* [YOUR INSTRUCTIONS]:
When a picture appears in the listing, leave it out and copy the rest exactly as it stands.

* [PROVIDED DATA]:
--------------------------------

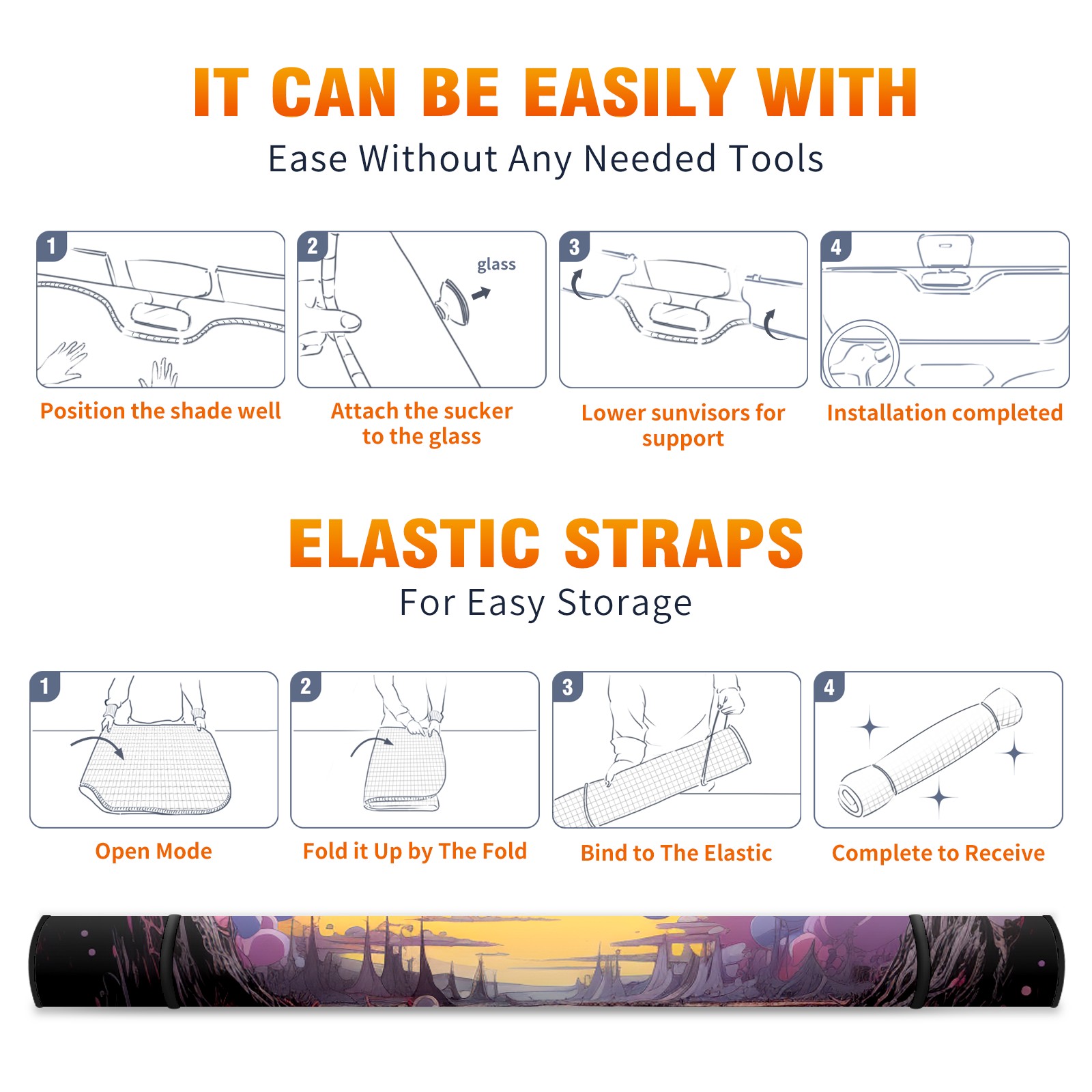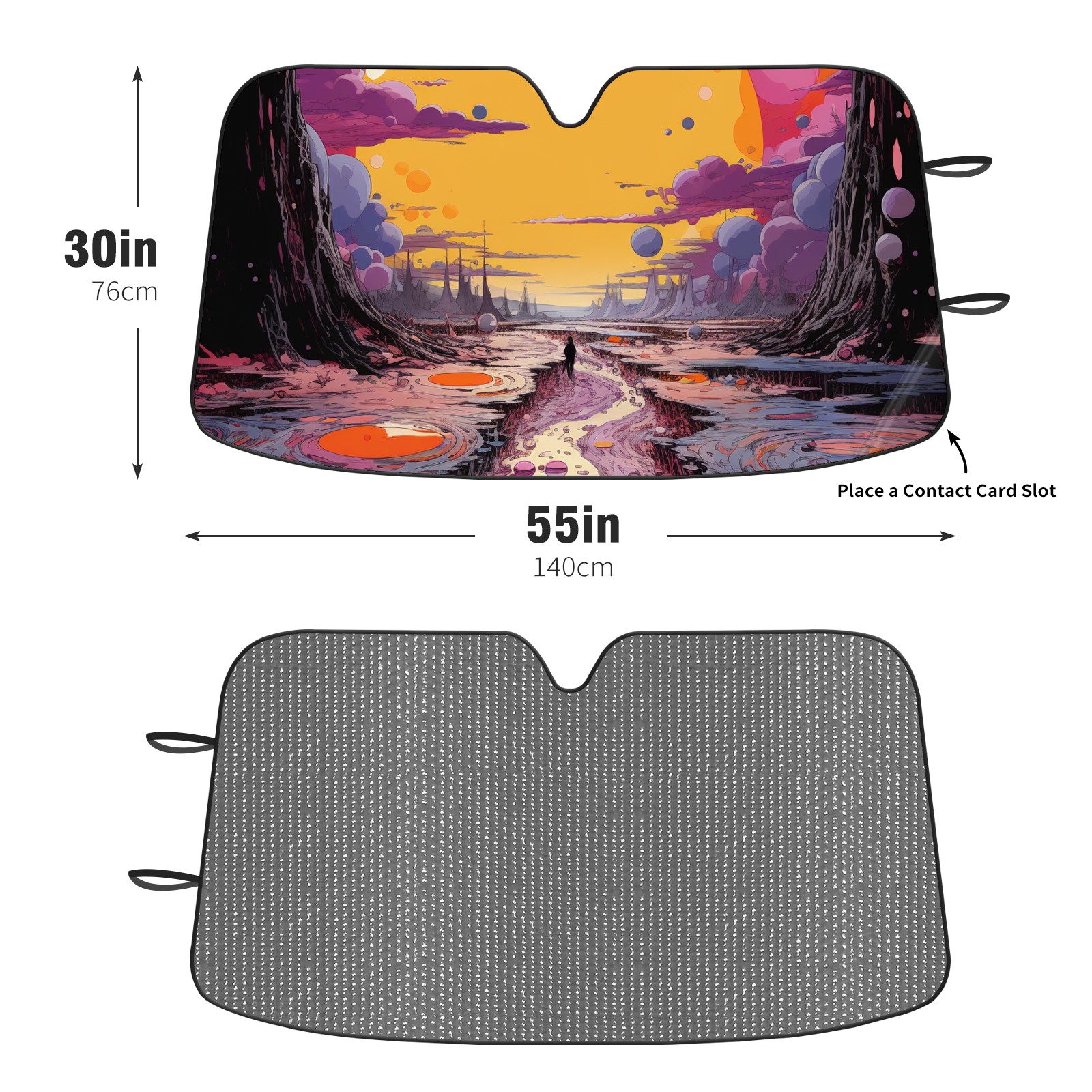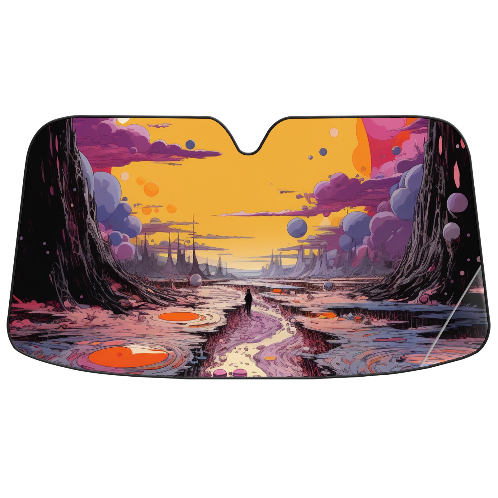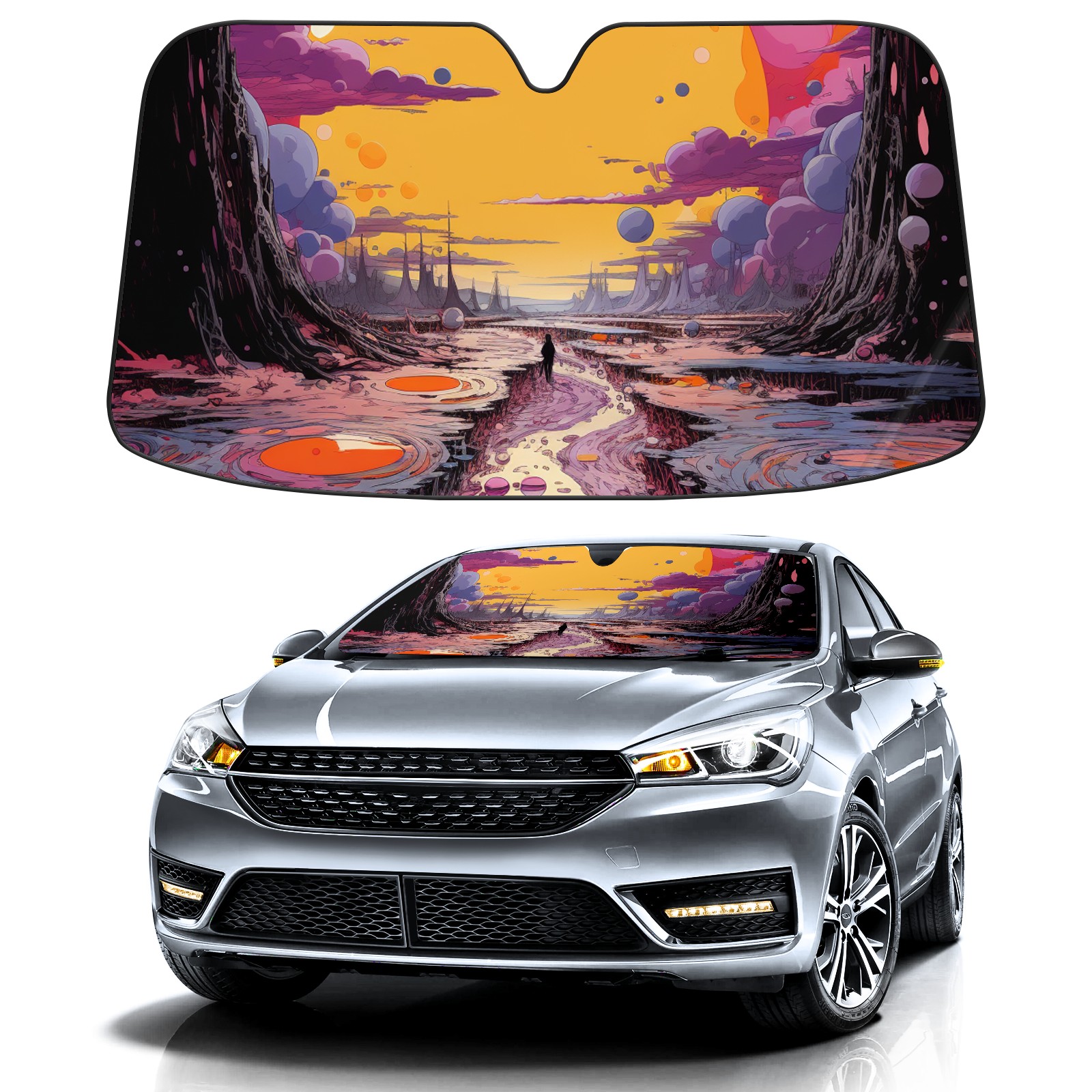 Car Windshield Sun Shade For Front Window An Image Of A Purple, Yellow, And Pink Scene Foldable Vehicle Windshield Car Sun Visor Covers Automotive Window Protector Car Camping Privacy Sun Blocker
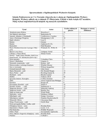 Sprawozdanie z Ogólnopolskich Wyborów Książek Szkoła Podstawowa nr 3 w Toruniu włączyła się w akcję pt. Ogólnopolskie Wybory Książek. Wybory odbyły się w dniach 27-30stycznia. Udział w nich wzięło 427 uczniów. Niżej wykaz najciekawszych książek wg naszych czytelników. Tytuł Akademia pana Kleksa Ala Makota zakochana Anaruk, chłopiec z Grenlandii Ania z Zielonego Wzgórza Bajki robotów Baśnie Baśnie Baśniobór Biuro Detektywistyczne Lassego i Mai seria Bracia Lwie Serce Chłopcy z Placu Broni Disney – bajki różne (Dambo, Któl Lew, Kopciuszek, 101 dalmatyńczyków itp.) Dom tajemnic Dzieci z Bullerbyn Dziennik cwaniaczka - cykl Dziewczynka z szóstego księżyca Gra w wyzwania Gwiazd naszych wina Hania Humorek - cykl Harry Potter – cykl Hertland - seria Hobbit Igrzyska śmierci. Kosogłos Jaśki Karolcia Koszmarny Karolek - cykl Kroniki Archeo – cykl. Magiczne drzewo – cykl Magiczny kotek - cykl Maja na tropie jaja Martynka - seria Mikołajek -cykl Mikołajowe sekrety Minecraft. Bitwa Misja: Przetrwanie. - cykl Nowe przygody Bolka i Lolka -cykl Olimpijscy herosi – seria Opowieści z Narnii - cykl Pan Kuleczka Patka i Pepe Percy Jakson i bogowie olimpijscy –seria Pinokio Liczba oddanych głosów 16 3 6 10 3 3 8 7 24 Dostępne w naszej bibliotece + Lindgren Astrid Monar Ferenc 3 9 6 + + + Columbus Chris Lingren A. Kinney. Jeff Witcher Moony Wilson Jacqueline John Green Mc Donald Megan Rowling Joanne K. Brooke Lauren Tolkien J.R.R. Collins Suzanne Arrou-Vignod Jean-Philippe Kruger M. Simon F. Stelmaszyk A Maleszka Andrzej Bentley Sue Witek Rafał Delahaye Gilbert Sempe, Goscinny Żmurko-Daszkowska D. Cheverton Mark Grylls Bear 3 17 61 11 3 3 13 29 4 20 4 3 8 10 13 25 3 4 14 33 5 3 3 5 3 23 5 3 8 8 Autor Brzechwa J. Budzyńska M Centkiewicz, Czesław Montgomery L.M. Lem S. Grimm Andersen H. Ch. Mull Brandon Widmark M., Willis H. Riordan Rick Lewis C.S. . Widłak Wojciech Szczepańska Agnieszka Riordan Rick Collodi C. + + + + + + + + + + + + + + + + + + + + + + + + + + Pippi Pończoszanka Plastusiowy pamiętnik Pompon - cykl Przygody Tomka – seria Puc, Bursztyn i goście Robinson Krusoe Tajemniczy ogród Tytus, Romek i Atomek (cykl) W pustyni i w puszczy W śnieżną noc Wiersze Wiersze Więzień labiryntu - cykl Wilczy brat Władca Pierścieni Wojna cukierkowa Zaczarowana zagroda Zaopiekuj się mną - seria Zezia i Giler Zezia, Giler i Oczak Zniszcz ten dziennik Zosia z ulicy Kociej Zostań, jeśli kochasz Zwiadowcy – cykl Zwierzaki świata Lindgren Astrid Kownacka M. Olech Joanna Szklarski A. Grabowski J. Defoe D. Burnett F.H. Chmielewski H.J. Sienkiewicz H. John Green Tuwim J. Brzechwa J. Dashner James Paver M. Tolkien J. R.R. Mull B. Centkiewiczowa A. Webb Holly Chylińska A. Chylińska A. Tyszka Agnieszka Forman Gaule Flanagan J. Wojciechowska Martyna 8 8 3 4 5 4 7 5 5 5 4 7 5 3 4 4 18 33 4 4 8 5 5 3 4 + + + + + + + + + + + + + + + + +
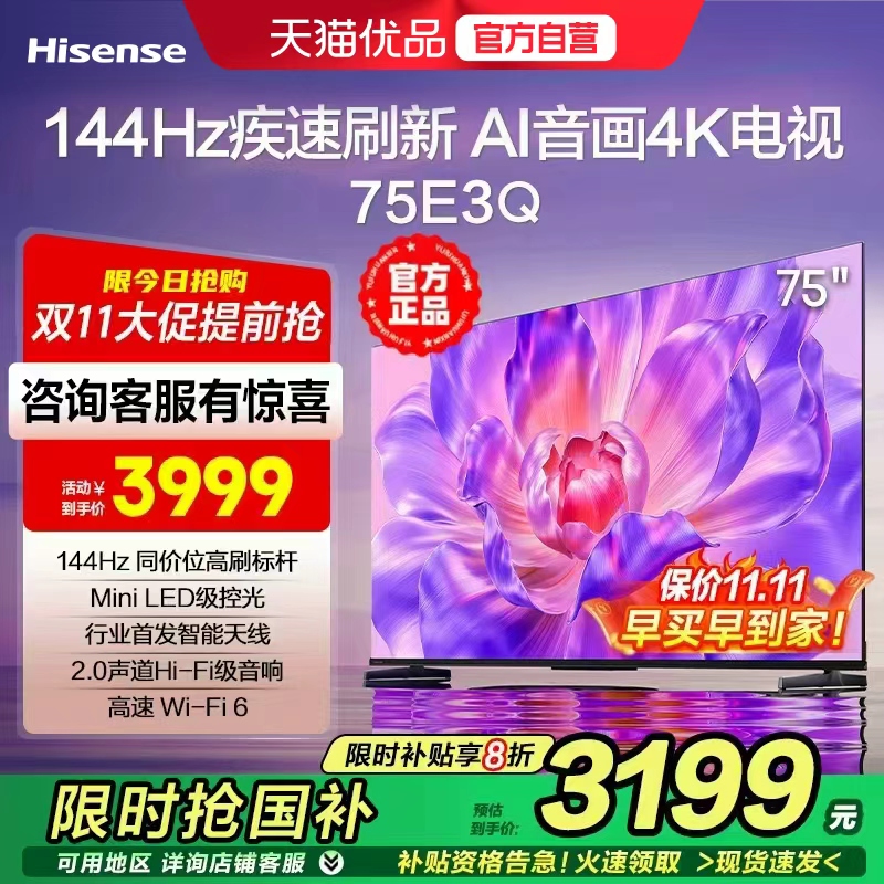 海信电视75E3Q 75英寸 AI智能高刷 Wi-Fi 6 液晶家用以旧换新补贴

--------------------------------

* [YOUR RESPONSE]:
 Car Windshield Sun Shade For Front Window An Image Of A Purple, Yellow, And Pink Scene Foldable Vehicle Windshield Car Sun Visor Covers Automotive Window Protector Car Camping Privacy Sun Blocker
 Sprawozdanie z Ogólnopolskich Wyborów Książek Szkoła Podstawowa nr 3 w Toruniu włączyła się w akcję pt. Ogólnopolskie Wybory Książek. Wybory odbyły się w dniach 27-30stycznia. Udział w nich wzięło 427 uczniów. Niżej wykaz najciekawszych książek wg naszych czytelników. Tytuł Akademia pana Kleksa Ala Makota zakochana Anaruk, chłopiec z Grenlandii Ania z Zielonego Wzgórza Bajki robotów Baśnie Baśnie Baśniobór Biuro Detektywistyczne Lassego i Mai seria Bracia Lwie Serce Chłopcy z Placu Broni Disney – bajki różne (Dambo, Któl Lew, Kopciuszek, 101 dalmatyńczyków itp.) Dom tajemnic Dzieci z Bullerbyn Dziennik cwaniaczka - cykl Dziewczynka z szóstego księżyca Gra w wyzwania Gwiazd naszych wina Hania Humorek - cykl Harry Potter – cykl Hertland - seria Hobbit Igrzyska śmierci. Kosogłos Jaśki Karolcia Koszmarny Karolek - cykl Kroniki Archeo – cykl. Magiczne drzewo – cykl Magiczny kotek - cykl Maja na tropie jaja Martynka - seria Mikołajek -cykl Mikołajowe sekrety Minecraft. Bitwa Misja: Przetrwanie. - cykl Nowe przygody Bolka i Lolka -cykl Olimpijscy herosi – seria Opowieści z Narnii - cykl Pan Kuleczka Patka i Pepe Percy Jakson i bogowie olimpijscy –seria Pinokio Liczba oddanych głosów 16 3 6 10 3 3 8 7 24 Dostępne w naszej bibliotece + Lindgren Astrid Monar Ferenc 3 9 6 + + + Columbus Chris Lingren A. Kinney. Jeff Witcher Moony Wilson Jacqueline John Green Mc Donald Megan Rowling Joanne K. Brooke Lauren Tolkien J.R.R. Collins Suzanne Arrou-Vignod Jean-Philippe Kruger M. Simon F. Stelmaszyk A Maleszka Andrzej Bentley Sue Witek Rafał Delahaye Gilbert Sempe, Goscinny Żmurko-Daszkowska D. Cheverton Mark Grylls Bear 3 17 61 11 3 3 13 29 4 20 4 3 8 10 13 25 3 4 14 33 5 3 3 5 3 23 5 3 8 8 Autor Brzechwa J. Budzyńska M Centkiewicz, Czesław Montgomery L.M. Lem S. Grimm Andersen H. Ch. Mull Brandon Widmark M., Willis H. Riordan Rick Lewis C.S. . Widłak Wojciech Szczepańska Agnieszka Riordan Rick Collodi C. + + + + + + + + + + + + + + + + + + + + + + + + + + Pippi Pończoszanka Plastusiowy pamiętnik Pompon - cykl Przygody Tomka – seria Puc, Bursztyn i goście Robinson Krusoe Tajemniczy ogród Tytus, Romek i Atomek (cykl) W pustyni i w puszczy W śnieżną noc Wiersze Wiersze Więzień labiryntu - cykl Wilczy brat Władca Pierścieni Wojna cukierkowa Zaczarowana zagroda Zaopiekuj się mną - seria Zezia i Giler Zezia, Giler i Oczak Zniszcz ten dziennik Zosia z ulicy Kociej Zostań, jeśli kochasz Zwiadowcy – cykl Zwierzaki świata Lindgren Astrid Kownacka M. Olech Joanna Szklarski A. Grabowski J. Defoe D. Burnett F.H. Chmielewski H.J. Sienkiewicz H. John Green Tuwim J. Brzechwa J. Dashner James Paver M. Tolkien J. R.R. Mull B. Centkiewiczowa A. Webb Holly Chylińska A. Chylińska A. Tyszka Agnieszka Forman Gaule Flanagan J. Wojciechowska Martyna 8 8 3 4 5 4 7 5 5 5 4 7 5 3 4 4 18 33 4 4 8 5 5 3 4 + + + + + + + + + + + + + + + + +
 海信电视75E3Q 75英寸 AI智能高刷 Wi-Fi 6 液晶家用以旧换新补贴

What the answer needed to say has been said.